An email blasted into my inbox from a somewhat former client today. He was panicked, “Facebook deleted my profile, I missed the appeal date and can’t get in. I’m worried about my business page! Can you help?” I get about a dozen variations to this each week from clients who just went away for a while, didn’t need my services regularly, or were referred to my by my clients. Because we are on good terms and this person still truly trusts me, I was able to get into his business page on Facebook. He’s building a new profile with an email other than @yahoo.com and we’ll get him access soon. Not all of the SOS emails and calls are that simple. Many times it’s related to soon-to-be-former hosting companies, website maintenance providers or former agencies that have disappeared – taking with them all of the passwords and access to all online profiles.
LESSON 1: Have a back up person you trust as an admin for social media pages such as your LinkedIn and Facebook business pages.
Pay them the 15 minutes of time once a month or so to run through everything to make sure it works as expected.
It’s understandable that not everyone wants to know how to manage all aspects of their online marketing strategy. It’s time-consuming, and the best practices change frequently enough it can be daunting to keep up. If you only use social media because you’re supposed to as part of your online marketing strategy, it becomes such a dredge you drag your feet through with a digital ball-and-chain attached to your fingers as you post your obligatory posts. Understandable, yes, but that doesn’t get you off the hook. This is still YOUR business. You need to always have full access to the highest level of YOUR stuff. It’s not just websites that are focused on product orders and fulfillment that matter. This is your reputation when you are sleeping and no one calls you to get to know you. You must have a list to it all. Any company that helps you with these tasks must give you full control and access, even if they continue to help you with the regular tasks.
Another client that I hadn’t heard from in two years called me – panicked. Seems to be the usual tone. I start by letting them get the frustration out, lay blame where they think it is. Then I ask them to tell me the story of what happened. What led up to it? Were they changing hosting companies, providers, domains? This client was stunned that the emails from GoDaddy were real. She really did need to pay for hosting and domain renewal. She thought they were scammers so she sent all GoDaddy emails to spam. She never saw it coming until a prospect mentioned they couldn’t get her site to come up, and her mail was coming back as “undeliverable.” My client just thought it had been a quiet week or two.
LESSON 2: Visit your own website weekly, fill out your forms monthly – ALL OF THEM.

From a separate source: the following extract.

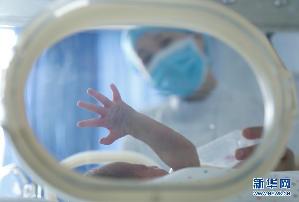 5月11日,在河北省邢臺(tái)市南和區(qū)人民醫(yī)院新生兒科,一名護(hù)士在護(hù)理新生兒。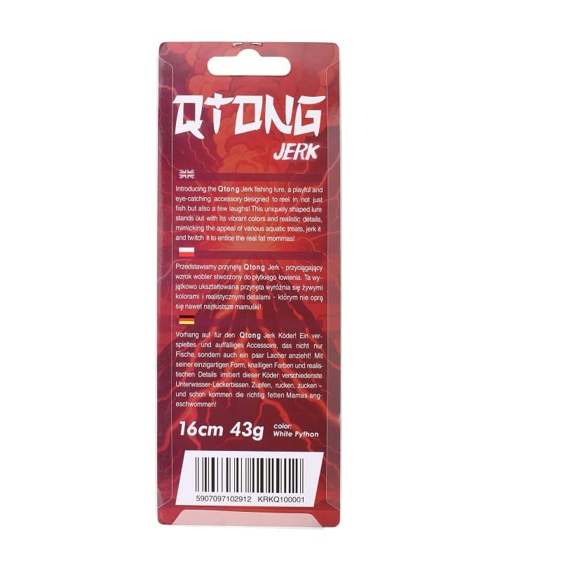 Przedstawiamy przynętę Qtong Jerk- przyciągający wzrok wobler stworzony do płytkiego łowienia. Ta wyjątkowo ukształtowana przynęta wyróżnia się żywymi kolorami i realistycznymi detalami- którym nie oprą się nawet najtłustsze mamuśki!

The grace period for the domain was gone. She was VERY fortunate that none of the bots slurped up her expired domain. She was able to buy it again. Her site was gone. There were no back ups because she stopped paying for them over a year ago. No one had worked on her site for over a year. She had nothing. I knew how to get her OLD site back to a degree. Her site wasn’t super complex – a few forms, slideshows, videos, not a full ecommerce site or something with a complex private section for members. Basic brochure site with a blog. “I can rebuild it in a day or two.” I reassured her. She calmed down, didn’t care how, she was grateful. I’m grateful she knew to contact me. I had her purchase her domain and put me in as the tech back up for it. We found her a good hosting solution and started fresh. It was a great opportunity to thin it out, lose many outdated content that wasn’t generating and traffic. We got the mail set up with Google within an hour and she was able to do her best to get going again. She had been using Google before, so it was a matter of setting up all the verification with her domain records.
LESSON 3: Paying Google to host your mail gives you access to their support team.
They have always been helpful and solved my issues with mail and business profiles. It’s worth it!
You never have to accept from a supplier that they will set it up FOR YOU. It’s YOURS. You need to be the main email account, the main admin, the credit card you can enter yourself if you don’t completely trust your supplier. But if you don’t completely trust them, why are they your supplier? Even if you don’t ever login to the back end of anything, you can. Any web services provider should be willing to show you how to EASILY edit your own site. You should never have to ask them to make text edits for you – ever. When they build something for you, it needs to be done in such a way that you can pop in and make a quick change. These are the most common rescues I make – people who get a website built by a provider they can only email and don’t have access to make any changes to plugins, templates, basic content other than blog posts. That’s just wrong. If this is you, you are being held hostage, digitally.